Copy out exactly the lines spanning the line with "После молитв и" to the line with "Kościół, Drzewa, Zima na Komórkę", inclusive, from the data underneath, with no pictures.

§ Given records:
BEGIN
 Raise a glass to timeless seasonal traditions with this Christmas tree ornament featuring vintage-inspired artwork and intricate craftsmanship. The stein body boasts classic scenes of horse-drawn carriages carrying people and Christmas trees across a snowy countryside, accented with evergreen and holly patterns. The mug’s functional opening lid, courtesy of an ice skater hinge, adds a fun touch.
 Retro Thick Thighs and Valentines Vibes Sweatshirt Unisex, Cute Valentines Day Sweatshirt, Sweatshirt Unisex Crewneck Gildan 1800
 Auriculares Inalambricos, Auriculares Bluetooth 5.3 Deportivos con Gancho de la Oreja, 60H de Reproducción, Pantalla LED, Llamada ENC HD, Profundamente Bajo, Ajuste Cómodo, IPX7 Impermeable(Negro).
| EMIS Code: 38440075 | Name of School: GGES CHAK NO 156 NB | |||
END
BEGIN
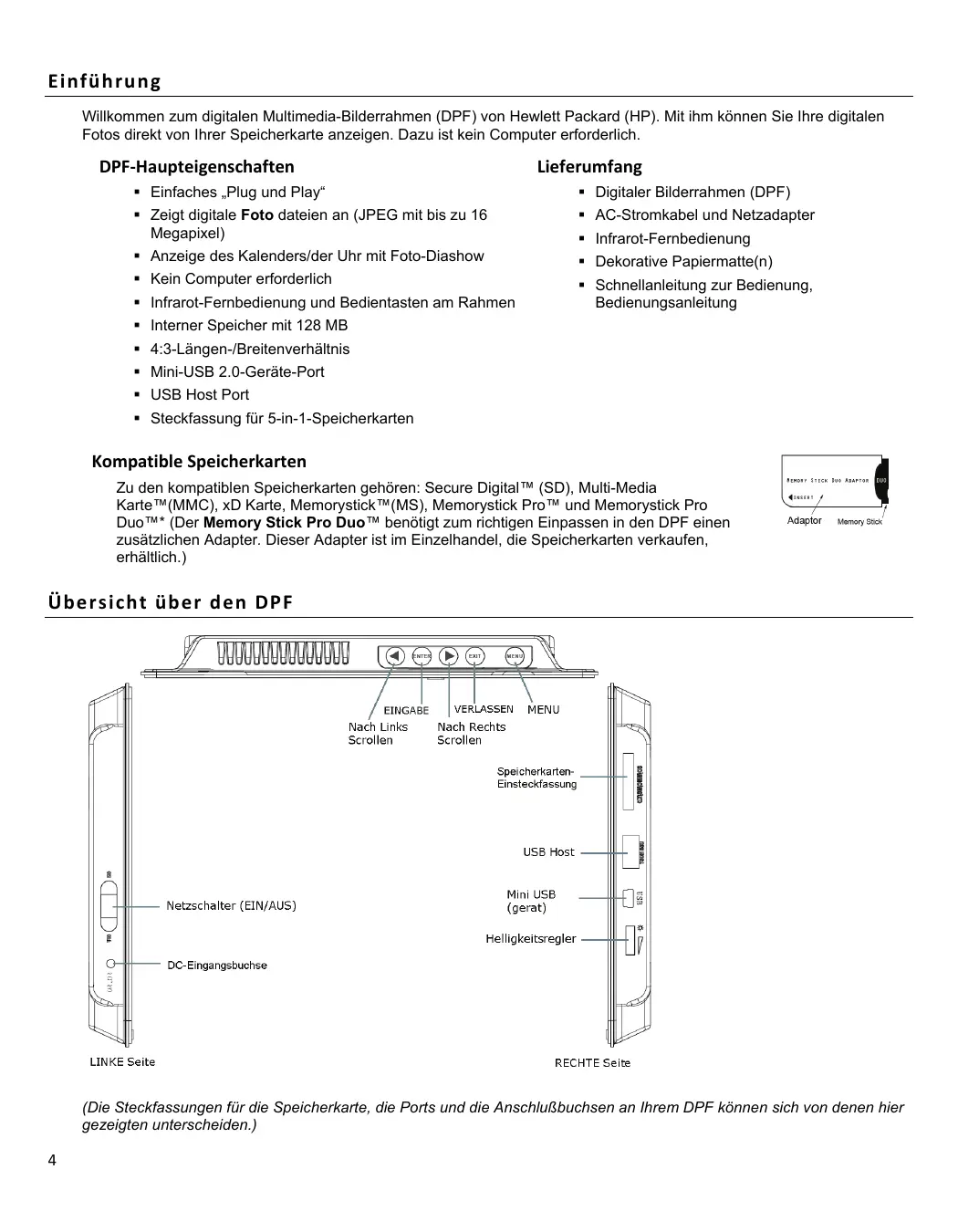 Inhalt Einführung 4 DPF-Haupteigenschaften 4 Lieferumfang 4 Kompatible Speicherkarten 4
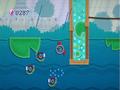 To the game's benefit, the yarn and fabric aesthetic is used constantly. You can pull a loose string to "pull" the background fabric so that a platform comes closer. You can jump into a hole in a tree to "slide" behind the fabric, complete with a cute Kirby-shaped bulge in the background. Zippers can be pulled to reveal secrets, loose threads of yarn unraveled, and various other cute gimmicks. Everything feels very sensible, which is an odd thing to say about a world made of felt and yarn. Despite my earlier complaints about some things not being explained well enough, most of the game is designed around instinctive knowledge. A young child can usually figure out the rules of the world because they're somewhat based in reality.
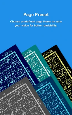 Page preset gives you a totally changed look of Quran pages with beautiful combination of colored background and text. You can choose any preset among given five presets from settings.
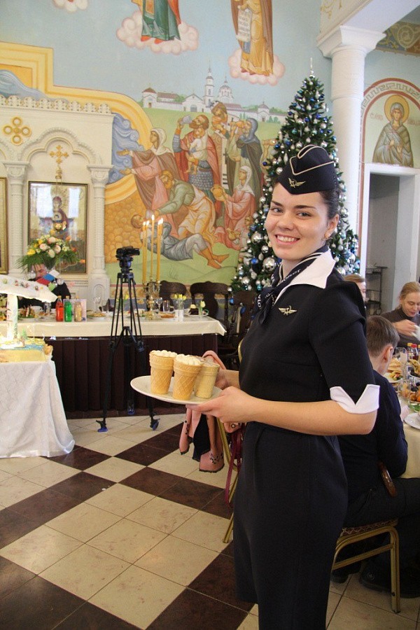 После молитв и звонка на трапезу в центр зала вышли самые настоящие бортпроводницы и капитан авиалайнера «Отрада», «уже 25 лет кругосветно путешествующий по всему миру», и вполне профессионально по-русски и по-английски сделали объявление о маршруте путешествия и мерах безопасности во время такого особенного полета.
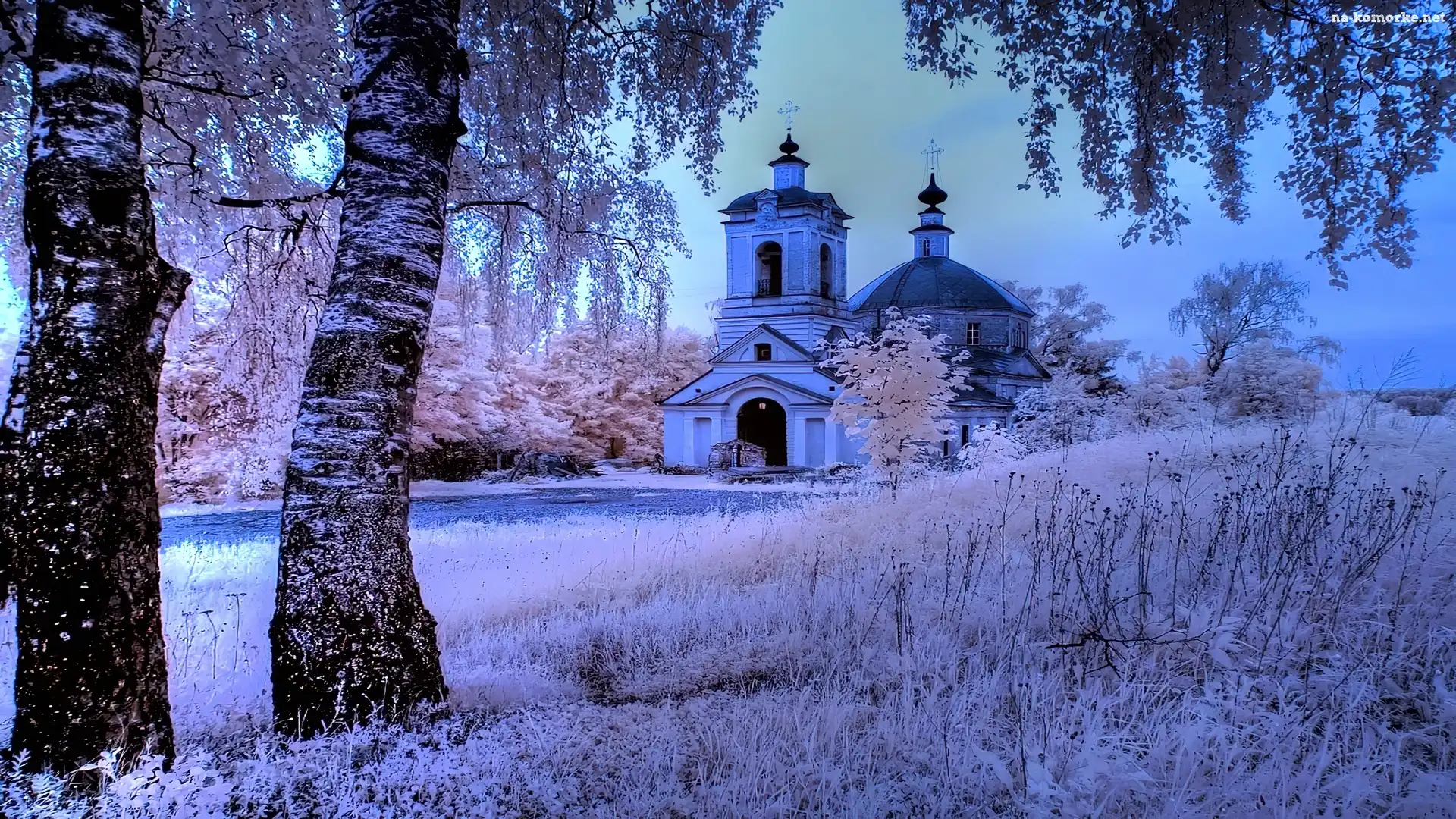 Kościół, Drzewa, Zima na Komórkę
END
BEGIN
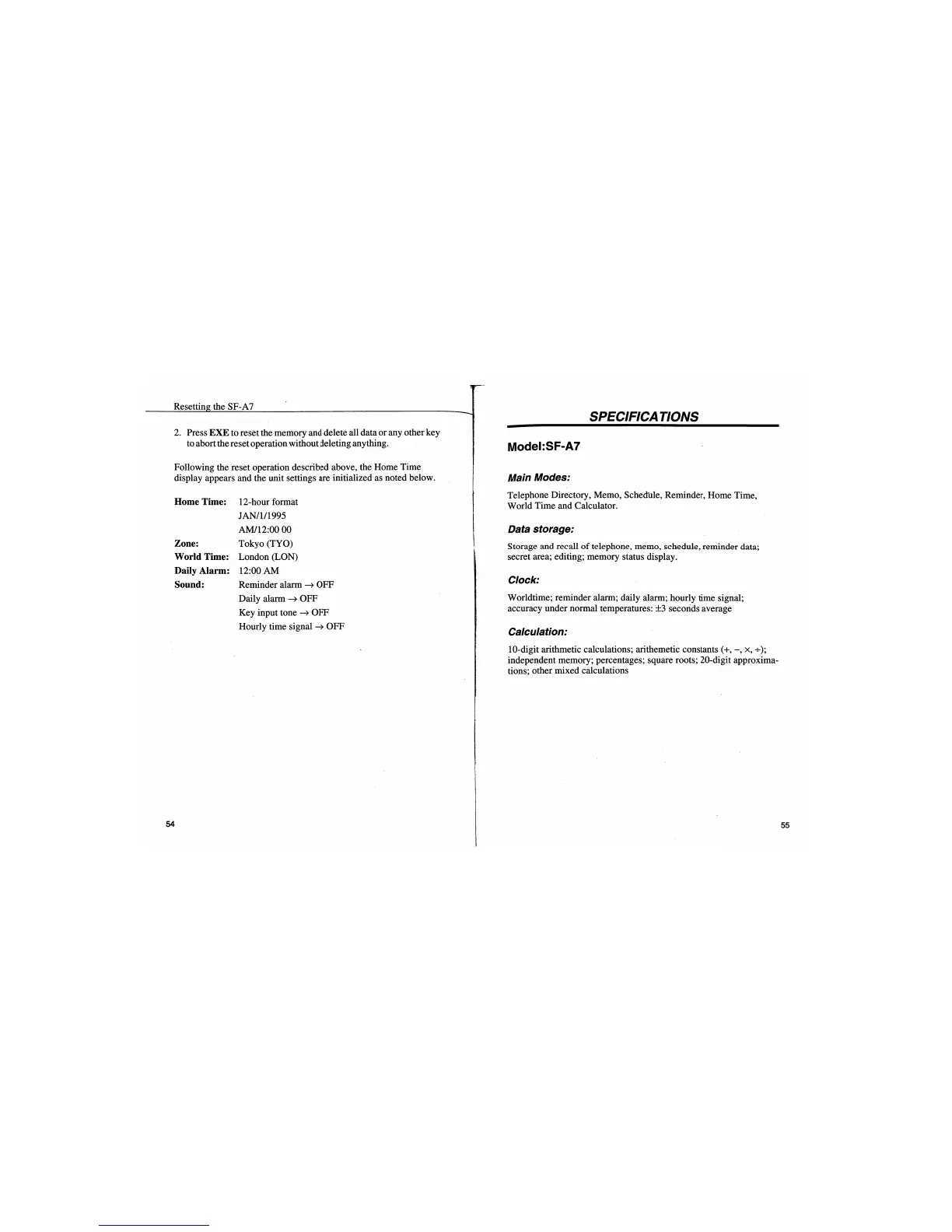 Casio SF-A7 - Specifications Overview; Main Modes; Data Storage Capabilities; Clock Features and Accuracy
END
§ Answer:
 После молитв и звонка на трапезу в центр зала вышли самые настоящие бортпроводницы и капитан авиалайнера «Отрада», «уже 25 лет кругосветно путешествующий по всему миру», и вполне профессионально по-русски и по-английски сделали объявление о маршруте путешествия и мерах безопасности во время такого особенного полета.
 Kościół, Drzewa, Zima na Komórkę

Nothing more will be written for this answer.